NeoVim, whose goal is to modernize and streamline Vim, drops support for legacy systems such as Amiga, BeOS, and MS-DOS. In addition, all vi-compatible modes have been removed, resulting in a much cleaner, leaner codebase.

NeoVim Terminal

While Vim plugins such as Conque and VimShell attempt to bring shell capabilities to Vim, NeoVim has built terminal buffers directly into the editor as first-class citizens.

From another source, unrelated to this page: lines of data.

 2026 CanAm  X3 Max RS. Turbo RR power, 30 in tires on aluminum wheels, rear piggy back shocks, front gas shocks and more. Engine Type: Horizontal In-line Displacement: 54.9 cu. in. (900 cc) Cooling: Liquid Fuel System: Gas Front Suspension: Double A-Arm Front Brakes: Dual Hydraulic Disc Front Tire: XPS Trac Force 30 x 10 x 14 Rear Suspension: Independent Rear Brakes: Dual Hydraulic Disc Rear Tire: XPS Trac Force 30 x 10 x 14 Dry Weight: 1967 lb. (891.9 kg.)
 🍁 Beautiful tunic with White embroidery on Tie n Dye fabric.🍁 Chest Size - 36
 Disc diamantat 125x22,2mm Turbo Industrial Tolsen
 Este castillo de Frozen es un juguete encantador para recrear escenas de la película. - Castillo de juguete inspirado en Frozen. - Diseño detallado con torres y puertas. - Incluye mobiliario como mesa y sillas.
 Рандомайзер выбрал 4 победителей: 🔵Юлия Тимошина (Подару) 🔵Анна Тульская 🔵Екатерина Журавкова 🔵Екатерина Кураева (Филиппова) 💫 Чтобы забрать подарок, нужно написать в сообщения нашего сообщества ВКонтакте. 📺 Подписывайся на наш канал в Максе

This makes it possible to execute commands as window splits, enable syntax highlighting, and even use copy and paste with Vim shortcuts between an editor and a terminal (or even two terminals!) This flexibility has caused some users to adopt NeoVim as a terminal multiplexer, replacing programs such as tmux.

Crafting a New Plugin API

One of Vim's most powerful assets are the thousands of plugins and enhancements available for the editor. There are new syntax highlighters, syntax checkers, even file managers built as Vim plugins. However, one of the drawbacks of Vim's plugin architecture is that Vim executes plugins in a serial and synchronous manner.

Due to this limitation, plugins can easily slow down the editor, rendering the user interface completely unresponsive during intensive operations. In addition, plugins are generally written in a custom scripting language called Vimscript.

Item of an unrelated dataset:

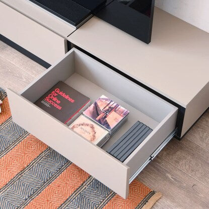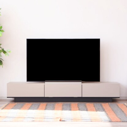 グレージュカラーで無駄のないシンプルなデザインのTVボード。
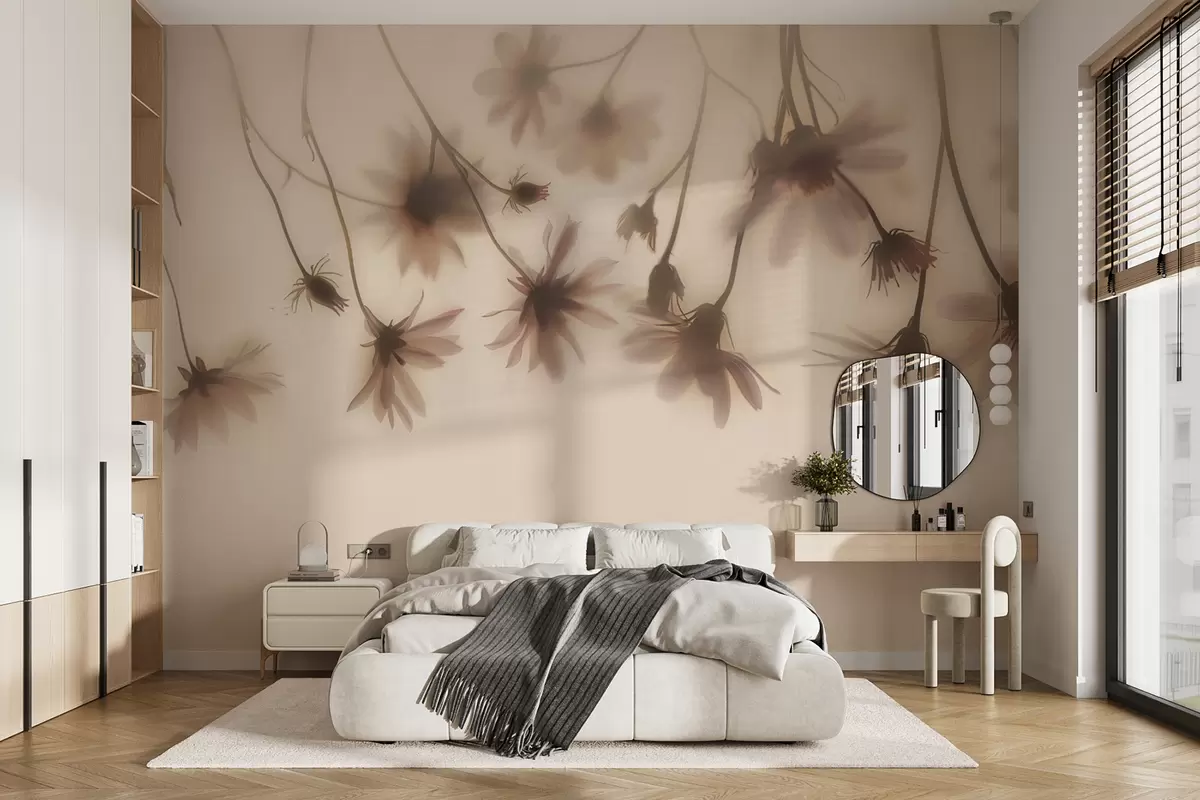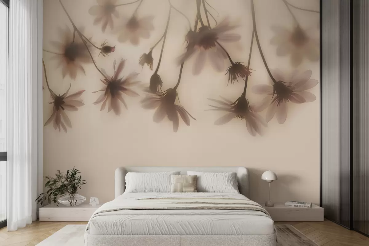 Fotobehang Tedere bloemen in de mist hangend van boven in roze kleuren N° w01469

NeoVim reengineered and rearchitected the plugin system, introducing a new MsgPack-based plugin API. While Vimscript will continue to be supported, the new API offers some exciting features and opens up brand new realms of possibilities. By creating a standard API in a well-established protocol. NeoVim makes it possible to easily interact with the editor remotely and even embed it inside other applications.

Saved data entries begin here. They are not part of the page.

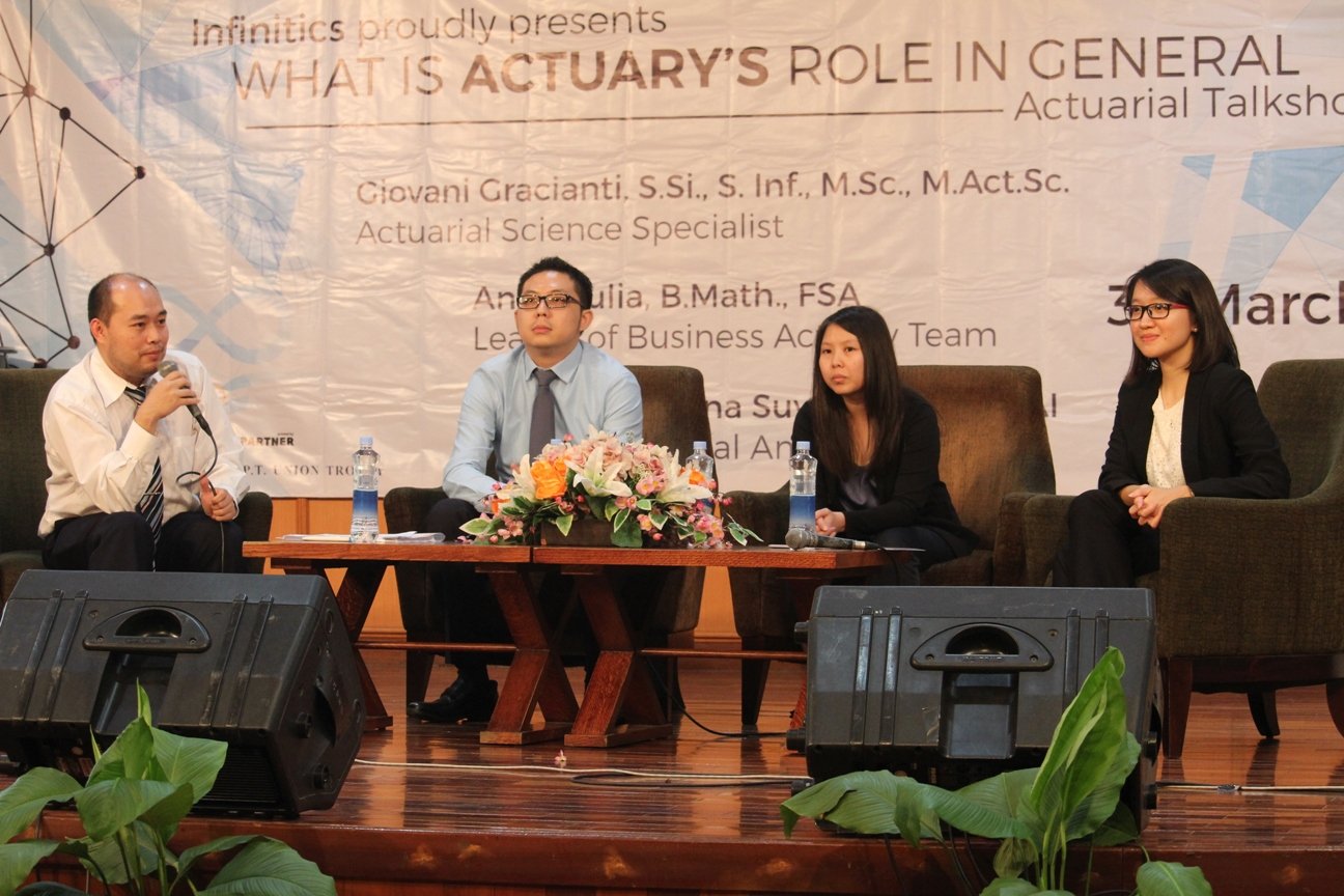 “Dalam bidang aktuari kita belajar menghitung  dan mengukur nilai resiko yang akan dihadapi. Dengan mengetahui resiko, seorang aktuaris dapat membantu  memberi masukan untuk mengatasi resiko tersebut. Dengan kemampuan analisis yang kuat, mampu menjadi problem solver, mengelola resiko. Ditambah dengan kemampuan komunikasi dan komputer yang baik, maka seorang aktuaris dapat meningkatkan kredibilitas dari layanan yang diberikan perusahaan tersebut,” jelas Giovani.
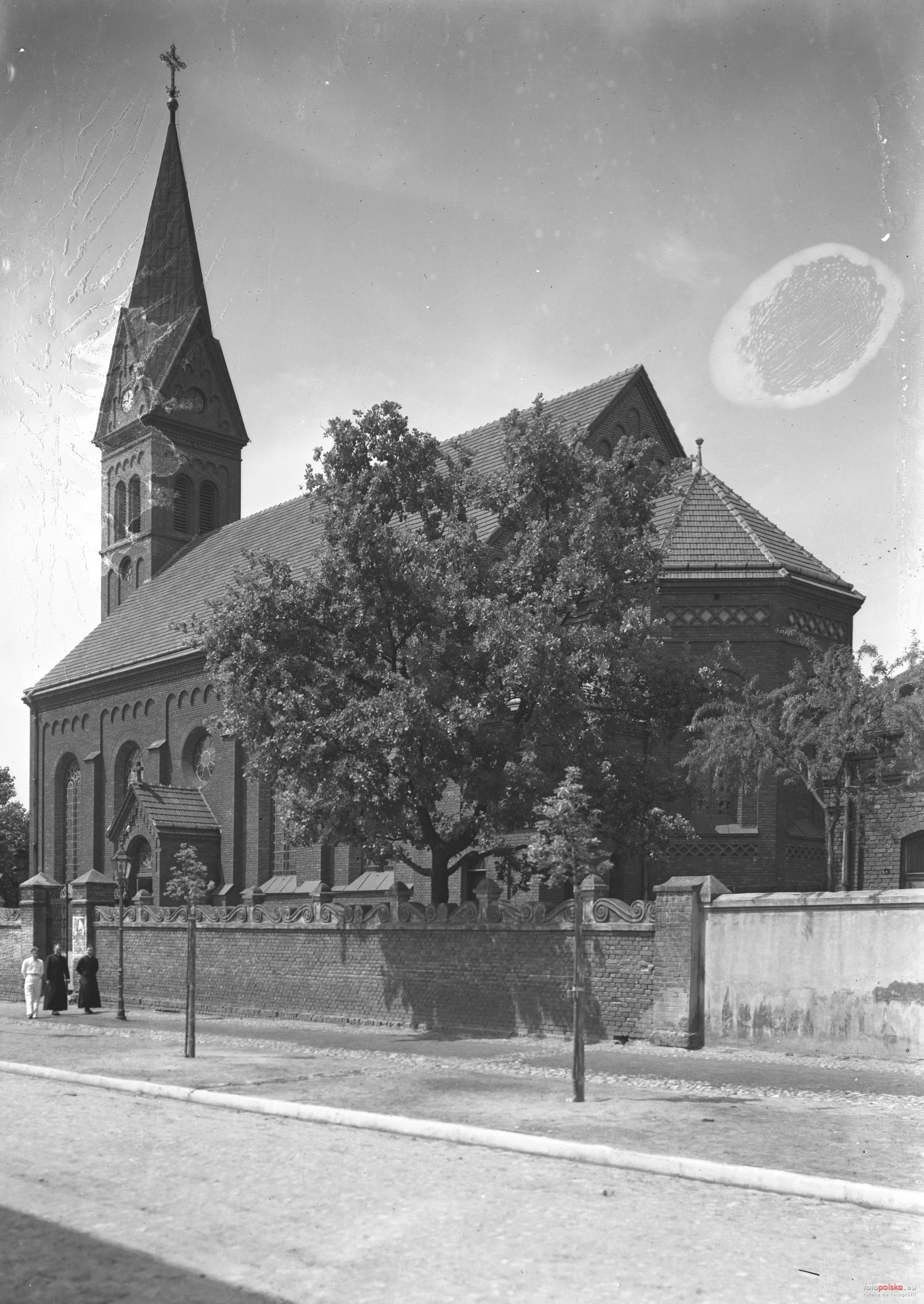 Kamień węgielny pod kościół poświęcił 24 V 1904 r. abp Wincenty Teofil Chościak Popiel. Właściciel młyna parowego i cegielni, Józef Meisner, ofiarował plac pod budowę kościoła i potrzebną ilość cegły i wapna. Kościół w stylu neoromańskim. Plany i kosztorys sporządził inż. Paweł Rübensham. Świątynia jednonawowa, o powierzchni 640 m2, zbudowana z cegły prasówki. Nawa zakończona pięciobocznym prezbiterium, do którego przylegają dwie zakrystie z chórami nad nimi. Główne wejście z przedsionkiem od strony zachodniej i dwa wejścia boczne z mniejszymi przedsionkami – od strony południowej i północnej, wieża o wysokości 26 m pokryta blachą miedzianą. Zakończenie budowy w grudniu 1905 r., poświęcony 10 XII 1905 r. przez ks. Karola Szmidla, proboszcza parafii Podwyższenia Świętego Krzyża w Łodzi.
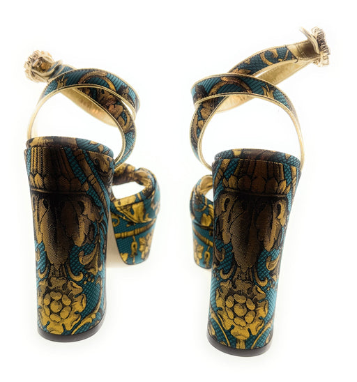 View full detailsDolce & Gabbana Gold Brocade Block Heel Platform Sandals-39

NeoVim's new API has opened new possibilities for plugin developers. Here are some plugins which are either exclusive to NeoVim or offer enhanced functionality when installed on NeoVim.

NyaoVim

NyaoVim is a web-enhanced frontend to NeoVim. It allows a mini web browser to be embedded into the editor, providing some unique features. Live previews of HTML and rendered Markdown can be displayed as vertical splits.

Deoplete

Deoplete stands for "dark powered neo-completion". While some of Vim's autocomplete plugins slow down or even hang its interface, NeoVim's API allows deoplete to provide fast, asynchronous keyword completion. Rather than attempting to "reinvent the wheel", it wraps and enhances legacy autocomplete plugins, allowing them to provide the same functionality, but with a greater amount of responsiveness.

NeoTerm

NeoTerm enhances NeoVim's built-in terminal. It allows users to monitor command statuses from the infobar, execute and monitor unit tests, easily copy code, and execute copied code inside an already running interpreter.

Neomake

Neomake provides syntax checking and build functionality to NeoVim. This runs asynchronously, working in the background to report build progress and issues as they are encountered.

Floobits

Floobits is a service which offers real-time, collaborative editing on native editors. It works across editors and even platforms. Although they used to support a Vim plugin, but have since dropped Vim in favor for NeoVim.

nvim-ipy

nvim-ipy integrates iPython and Jupyter notebooks into NeoVim. Similar plugins exist for Vim, but nvim-ipy has the ability to asynchronously execute long-running commands. In addition, the resulting output is collected in the background and reported in the editor.

neovim-intellij-complete

neovim-intellij-complete brings IntelliJ's completion into NeoVim.

nvimux

nvimux provides a set of keybindings which leverage's NeoVim terminal to mimic tmux.

nvimfs

nvimfs is a FUSE file system which exposes the NeoVim API. This allows users to interact with NeoVim remotely, executing commands and retrieving the results using standard redirects and reads to/from special files within the nvimfs.

Conclusion

Although NeoVim began as a fork of Vim, it has quickly become the next evolutionary step of Vim. Its terminal, and especially the MsgPack-powered asynchronous API, has already opened new possibilities not previously achievable on Vim.